Her identical twin, with her hair frozen into a second corollary of the first shape, brought a young man to sit in the dentist's chair next to us. Sherry's twin and the man seemed to know each other.
She used the same opening line, "So what are we looking for today."
He said, "I'd like about ¾ of an inch off top and just ½ inch of the sides this time. In back, keep it ½ inch above my collar, and could you touch up around my neckline?"
Sherry's twin went to work. She could work and talk at the same time. The young man was updating her on a friend of theirs; something about him and his PO.
PO? I wondered. I only used PO as an adjective; they were using is as a noun. Maybe they meant his ex-girlfriend, because she Ps him O. But wait, he was seeing his PO every couple of weeks. Why would he go on seeing her that often? Maybe they have a kid together, I thought.
The man and Sherry's twin kept me entertained for the rest of my appointment. I think they entertained Sherry, too. After two or three more dead end conversations, she finished with her implements and turned her blow drier on me. It drowned out the story next door and relieved me from fumbling for the dropped conversation.

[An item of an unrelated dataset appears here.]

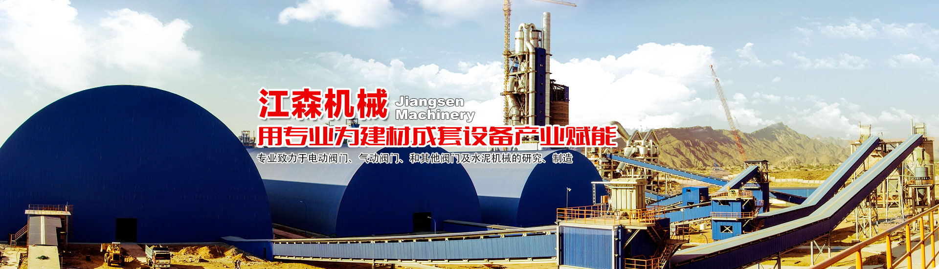 江森機械專業致力于電動閥門、氣動閥門、和其他閥門及水泥機械的研究、制造。主要產品有均化庫、空氣輸送斜槽、收塵器、NE斗式提升機、電動水泥蝶閥、電動百葉閥、重錘翻板閥等。產品廣泛用于水泥、港口、碼頭、火力發電、煉鋼和供暖、石油輸送、水處理等行業
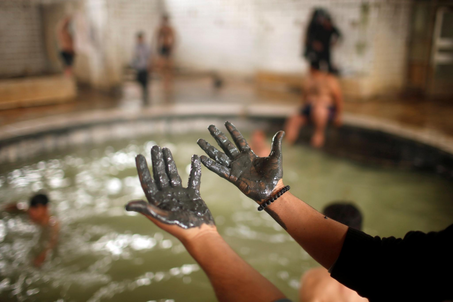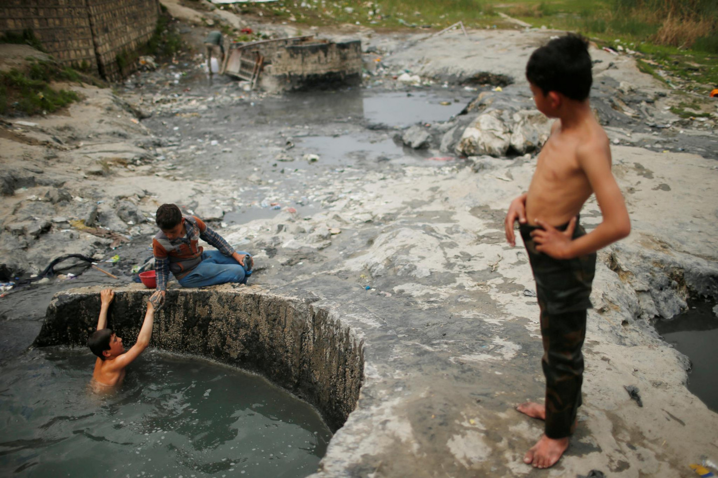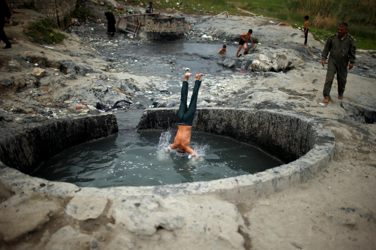 Irākieši vannojas sēra dīķos

"There! How does it look?" Sherry asked.
I put my glasses on, braced myself, and looked in the mirror. It was shorter than it had been when I arrived and I still had more hair than my boyfriend. But it was unlikely that anyone would confuse me with Leslie Stahl: rather than forming a cohesive, professional shape, my hair ran down the sides of my face then tried to escape by jumping off a skateboard ramp at my jaw line. I recognized Marlo Thomas in "That Girl," as I was old enough to have seen the show in the mid 60s.
I struggled to display enthusiasm for my new look and to thank Sherry, but was disappointed in my performance.
I didn't put my bike helmet back on until after I had paid the woman with the frozen hair at the tall counter.